Polar Owl
- Interactive map of Polar Owl
- Location: Kharp, Yamalo-Nenets Autonomous Okrug, Russia; 66°48′18″N 65°47′24″E﻿ / ﻿66.805°N 65.79°E;
- Status: Operational
- Capacity: 1014
- Population: 450
- Opened: 1961
- Managed by: Federal Penitentiary Service
- Governor: Lieutenant Colonel Aleksandr Tsybulsky

= Polar Owl =

Federal prison in Russia

The Federal Governmental Institution — penal colony No. 18 of the Federal Penitentiary Service of Russia in Yamalo-Nenets Autonomous Okrug, (Note: ОГ 98/18 или Федеральное казённое учреждение «Исправительная колония № 18 Управления Федеральной службы исполнения наказаний по Ямало-Ненецкому автономному округу».) commonly known as the Polar Owl (Полярная сова), is a Russian prison located on the bank of the Sob River near the Polar Urals in the urban-type settlement of Kharp.
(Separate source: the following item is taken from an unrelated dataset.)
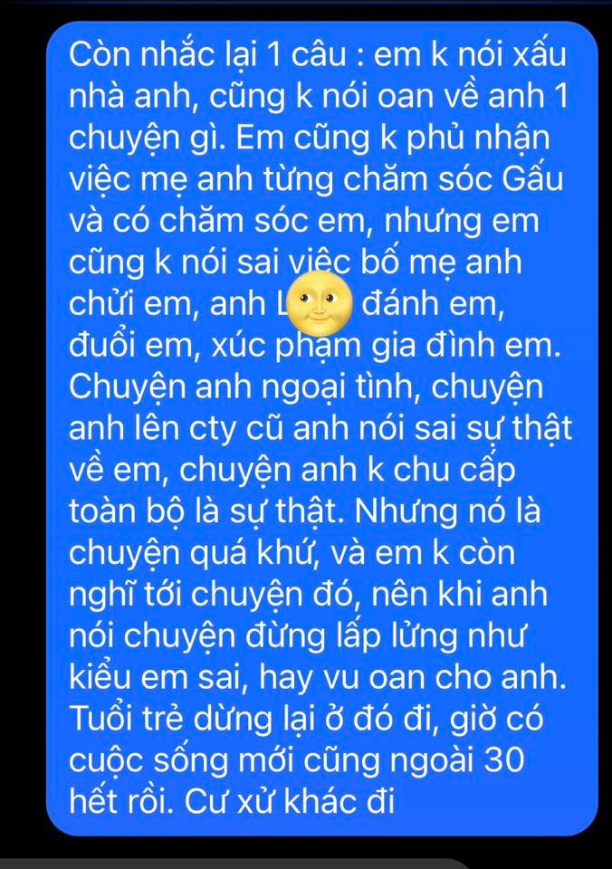 Không chỉ dừng lại ở vấn đề chu cấp, Quỳnh Lương còn nhắc lại những chi tiết trong cuộc hôn nhân cũ. Cô không phủ nhận việc mẹ chồng cũ từng chăm sóc mình và Gấu, nhưng đồng thời khẳng định gia đình chồng cũ cũng không đối xử tốt với cô. Đặc biệt, Quỳnh Lương một lần nữa nhấn mạnh chuyện chồng cũ ngoại tình và thêu dệt thông tin không đúng về cô: “Up cái chuyện từ gần 10 năm trước nó xấu hổ cả mẹ lẫn con nhưng mà anh H. nói điêu nhiều quá nên mệt. Anh bớt thêu dệt giùm”.

It is one of the seven supermax ("special regimen", in Russian terminology) corrective labor colonies operated by the Federal Penitentiary Service for convicts sentenced to life imprisonment in Russia. In addition to special regimen it has sections with common and strict regimens.

== History ==
Kharp was founded in 1961 during the construction of the Salekhard–Igarka Railway. The core of the new settlement was a camp for prisoners who worked on laying the railway. Subsequently, the camp was transformed into a prison for particularly dangerous recidivists. The prison received the status of a colony for life convicts in 2005.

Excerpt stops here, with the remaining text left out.